Our efforts have unleashed the shackles of rage, grief, communal healing, nostalgia, deception in existing social norms and discernment in how we stand up for what we think is right, however, the rules that hold us together aren’t yet enough to stop groups from splintering and to stop the repetition of the same cycles of anger, hate, and gender-based segregation. 

Nawal Al Saadawi was the first feminist I encountered in my life. Her novel “Woman at Point Zero” changed me to a degree I never was able to gauge until this day. I learned what defeatism meant, and have actively and consciously tried to shut down any skepticism, unconstructive criticism, and bland stoicism arising from my idealistic dreams to alter any given status quo. 

I rest my mind on Al Saadawi’s words that voices who symbolize truth are “spreading fear wherever [they go], the fear of the truth that kills, the power of truth, as savage, and as simple, and as awesome as death, yet as simple and as gentle as a child that has not yet learned to lie.”

The power of truth.

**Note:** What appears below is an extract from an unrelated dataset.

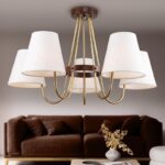 Люстра на потолок Rivoli Bridget (арт. 2071-305) в сдержанном классическом стиле. Металлические рожки цвета латуни эффектно сочетаются с основанием и обручем люстры под тёмное дерево. Плафоны из абажурной ткани под натуральный лён смягчают подчёркнутую минималистичность люстры, добавляют интерьеру уют и делают освещение комфортным для глаз. Люстра потолочная Bridget от итальянского бренда Rivoli применяется с 5 лампами Е14 40 Вт и является хорошим вариантом для основного света в небольшой гостиной, в спальне, в кабинете. Элементы с дизайном под дерево делают эту люстру идеальной в загородный дом.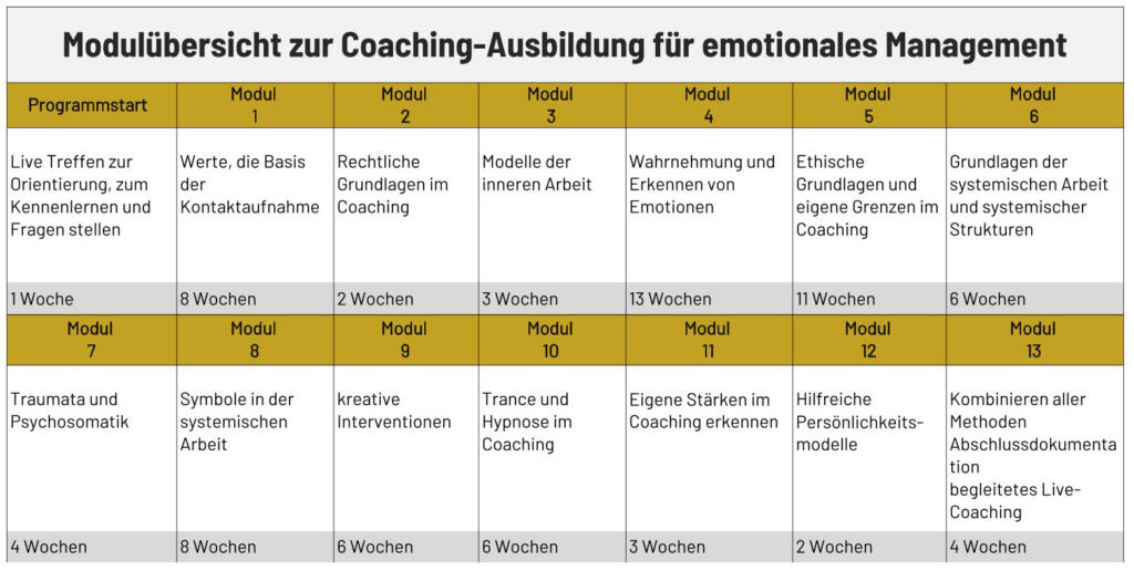Die Module sind unterschiedlich lang, je nach Themengebiet. Du beschäftigst dich mit systemischen Aufstellungen und Familienaufstellungen genauso wie mit Fragetechniken, Stressbewältigung, Reframing, nonverbaler Kommunikation, Körpersprache, Hypnose, Krisen-Coaching, Konflikten, Mentalcoaching, und vielem mehr. Hier hast du eine Übersicht:

The power to alter structures that can devalue feminist rhetorical practices, including methods such as cancel and call-out culture that foreground social justice. The power to believe that power itself is intersectional, polymorphic, and shifts very quickly. The power to believe that our collectivity ceases the perpetuation of exclusionary relationships. The power to believe that knowledge is co-produced, and when a controversy arises, we need not be gatekeepers of culture or knowledge. The power to believe that we have the power to resist the systemic disempowerment of women and other marginalized groups, and the power of my own positionality as a writer to invite you to learn to analyze your own motivations. 

What purpose do our resistance tactics serve? Who are we aiming to educate? Are we looking to shock society, or gracefully introduce ideas one after the other? Any movement emerges from culturally situated bodies: there is no use in trying to come up with universal conclusions to the questions raised in this piece. The emancipatory potential it offers, however, lies in habitual rituals of confrontation, and the willingness to talk about where we might have been misled in order to redirect our mission and achieve positive cultural change.